# [WORK REQUEST]
Please output the following records exactly. Leave every image out.

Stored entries
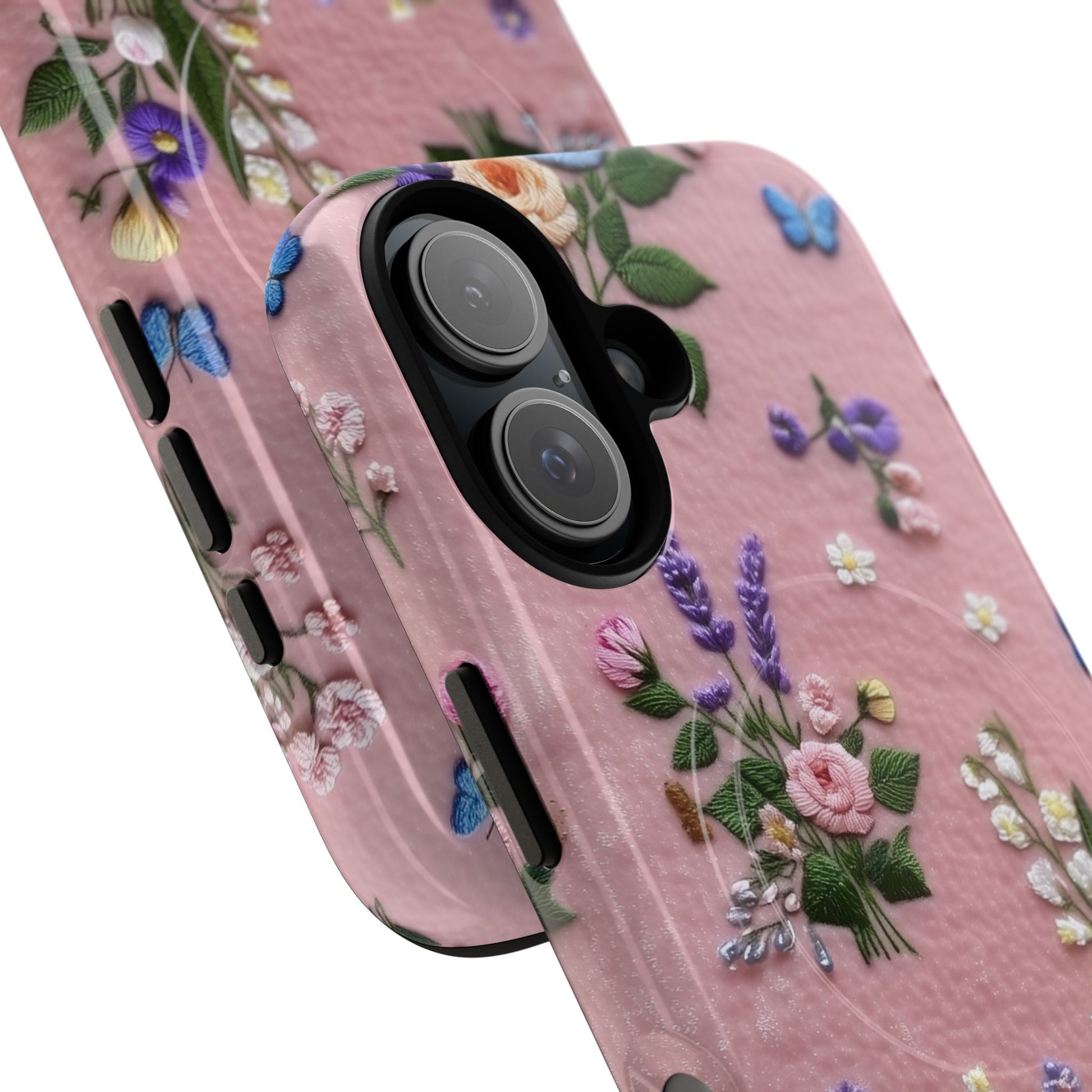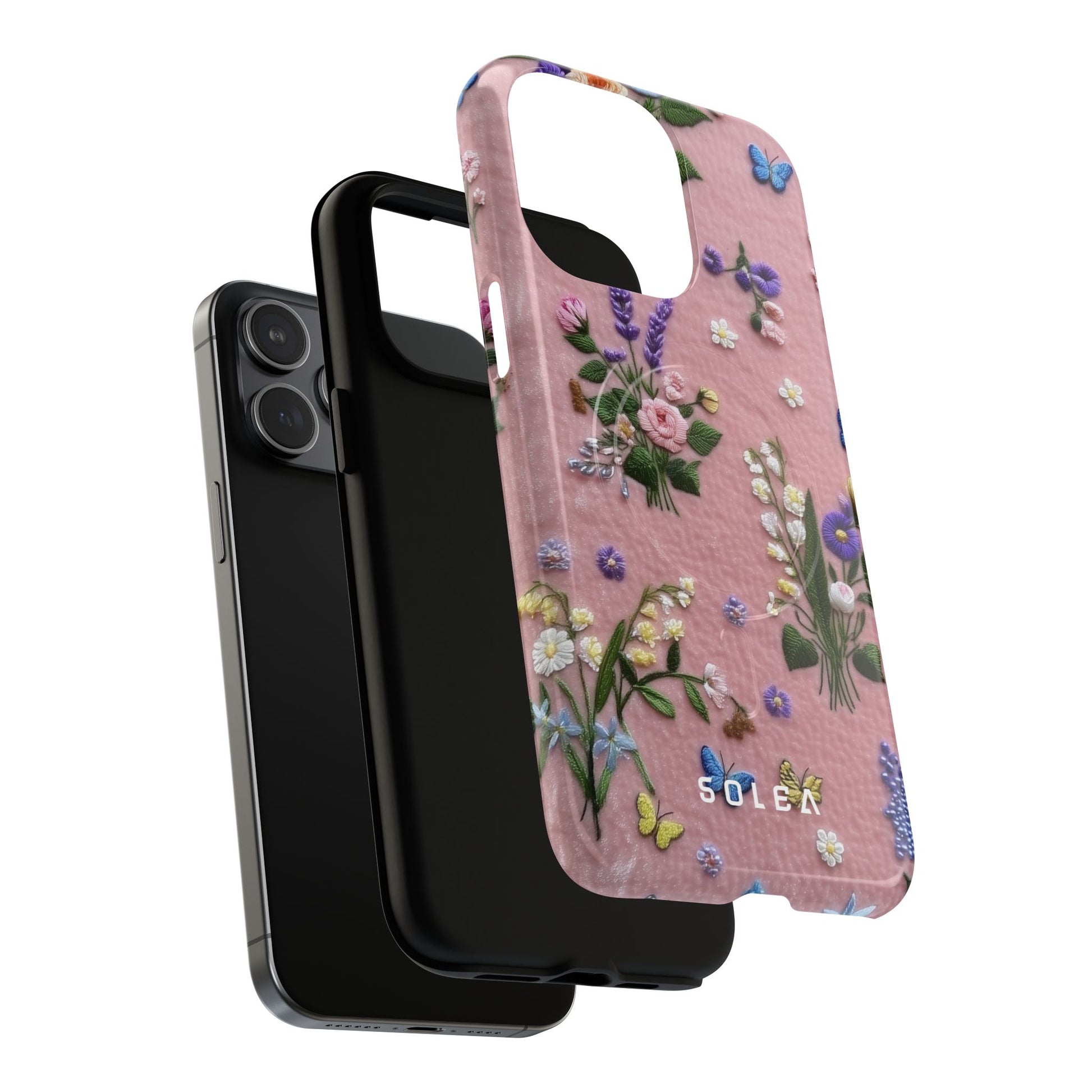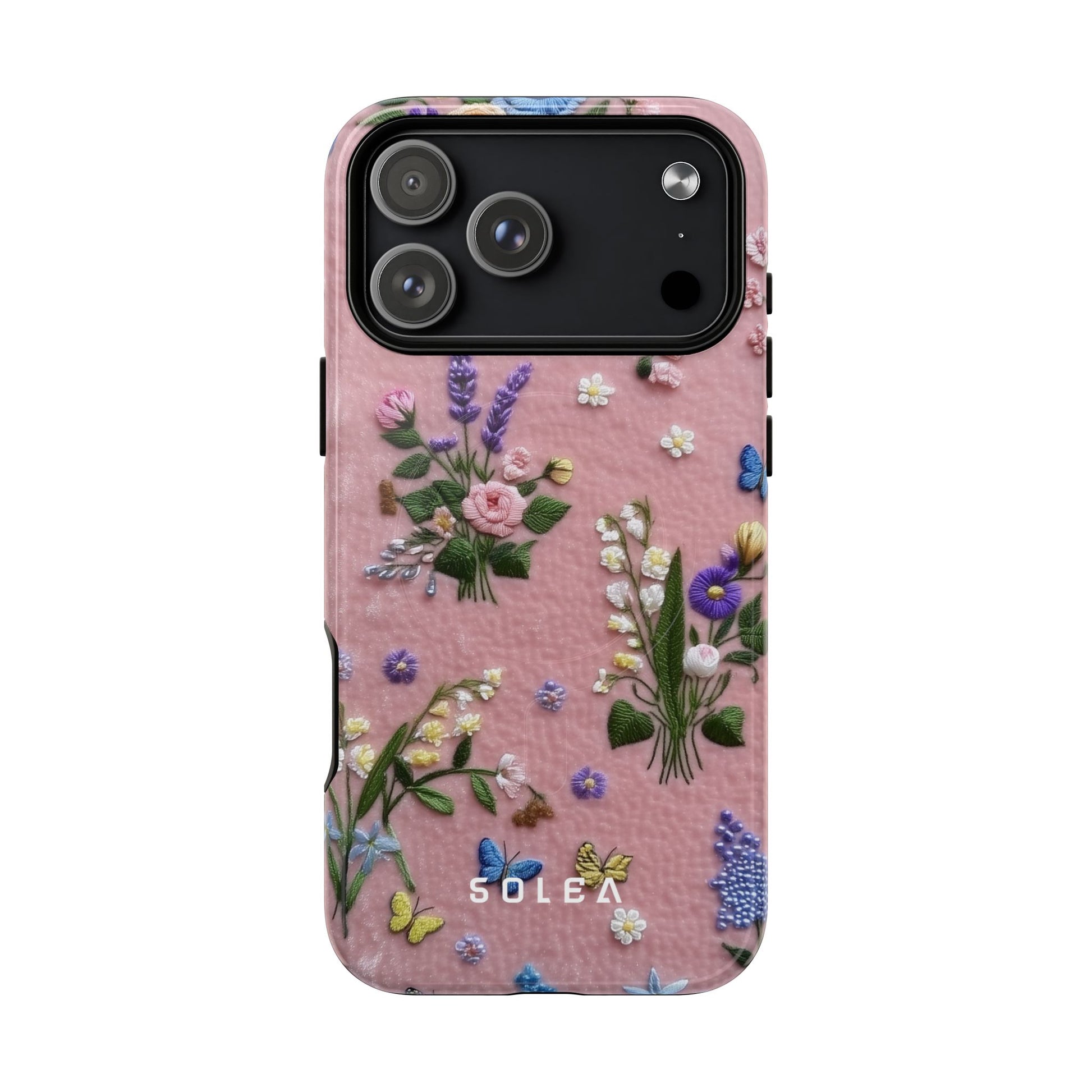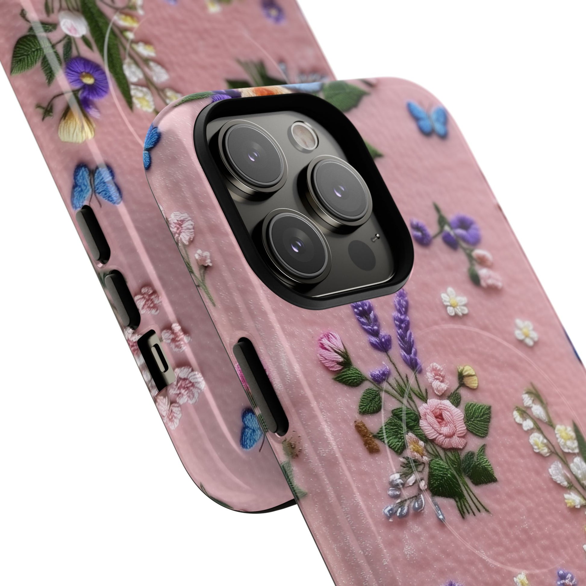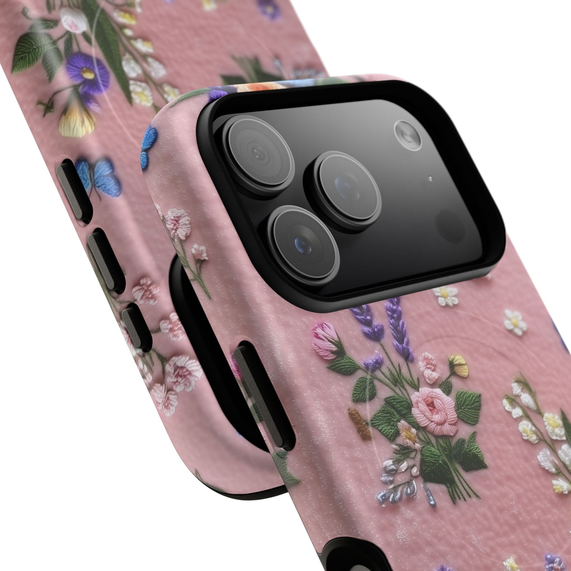 A slim, protective phone case featuring a soft embroidered floral pattern that blends delicate detail with a cozy, elegant aesthetic. Tiny blossoms in shades of pink, red, yellow, white, and light blue appear scattered across a creamy background, each flower connected by slender green stems that give the design a light, garden-inspired feel. The embroidered look adds subtle texture and charm while maintaining a clean, modern finish. Available in glossy or matte, the pattern remains crisp and vibrant while feeling smooth in hand. Built with a dual-layer shell and a shock-absorbing TPU liner, it helps protect your phone from everyday drops while staying slim and comfortable to hold. MagSafe® compatibility ensures your daily routine stays effortless—chargers, wallets, and grips attach instantly without removing the case. It’s a gentle blend of floral beauty and dependable protection.
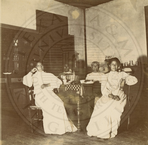 Photo of inside a house, probably kitchen. Three unknown women and one unknown man.
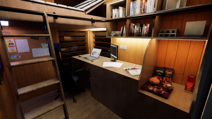 This project is to design a home office pod. Our design has two main function, which is to do work and it doubles as a loft area where you can relax after a long day of working. Or even just to chill out for a quick break from working. Besides, we also want user to close to the nature when they are working so they won't feel very stress at that time, this is due to being in nature, or even viewing scenes of nature, can help to reduce anger, fear, and stress, and increases pleasant feelings. Therefore, the main material of this home office pod is wood.
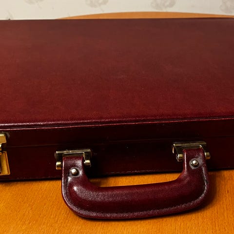 Nahkainen isoksi aukeava asiakirja salkku jonka kahvat saa upotettua piiloon. Kaksi osastoa vetoketjun takana ja lukittava sivutasku nepparilla.
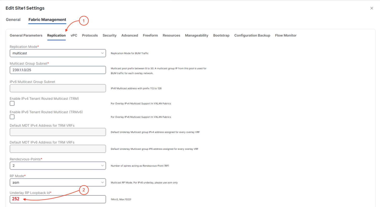Like the Greenfield fabric you created, you will create the same type of "Data Center VXLAN EVPN". When creating the Site2 fabric, you must ensure the
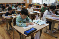 国語では、ひらがなプリントが始まりました。姿勢よく、丁寧になぞったり、書いたりしています。運筆力アップのためにも、色塗りまでするようにしています。継続は力です!今は時間がかかるかもしれませんが、少しずつ上手になってくるので、御家庭でも応援してあげてくださいね☆
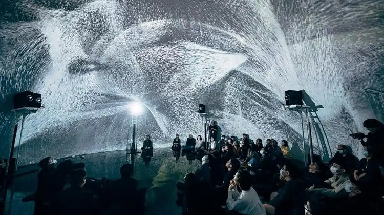 《自造自然—超越有機的共生》展览展示了AI演算法与沉浸式投影的深度结合。观众可通过AI演算法参与图像生成,触发虚拟生命的诞生。展览设置MR混合实境互动区,通过穿戴式装置体验虚拟与真实的融合。

# [SOLUTION FOR THIS EXERCISE]
 A slim, protective phone case featuring a soft embroidered floral pattern that blends delicate detail with a cozy, elegant aesthetic. Tiny blossoms in shades of pink, red, yellow, white, and light blue appear scattered across a creamy background, each flower connected by slender green stems that give the design a light, garden-inspired feel. The embroidered look adds subtle texture and charm while maintaining a clean, modern finish. Available in glossy or matte, the pattern remains crisp and vibrant while feeling smooth in hand. Built with a dual-layer shell and a shock-absorbing TPU liner, it helps protect your phone from everyday drops while staying slim and comfortable to hold. MagSafe® compatibility ensures your daily routine stays effortless—chargers, wallets, and grips attach instantly without removing the case. It’s a gentle blend of floral beauty and dependable protection.
 Photo of inside a house, probably kitchen. Three unknown women and one unknown man.
 This project is to design a home office pod. Our design has two main function, which is to do work and it doubles as a loft area where you can relax after a long day of working. Or even just to chill out for a quick break from working. Besides, we also want user to close to the nature when they are working so they won't feel very stress at that time, this is due to being in nature, or even viewing scenes of nature, can help to reduce anger, fear, and stress, and increases pleasant feelings. Therefore, the main material of this home office pod is wood.
 Nahkainen isoksi aukeava asiakirja salkku jonka kahvat saa upotettua piiloon. Kaksi osastoa vetoketjun takana ja lukittava sivutasku nepparilla.
Like the Greenfield fabric you created, you will create the same type of "Data Center VXLAN EVPN". When creating the Site2 fabric, you must ensure the
 国語では、ひらがなプリントが始まりました。姿勢よく、丁寧になぞったり、書いたりしています。運筆力アップのためにも、色塗りまでするようにしています。継続は力です!今は時間がかかるかもしれませんが、少しずつ上手になってくるので、御家庭でも応援してあげてくださいね☆
 《自造自然—超越有機的共生》展览展示了AI演算法与沉浸式投影的深度结合。观众可通过AI演算法参与图像生成,触发虚拟生命的诞生。展览设置MR混合实境互动区,通过穿戴式装置体验虚拟与真实的融合。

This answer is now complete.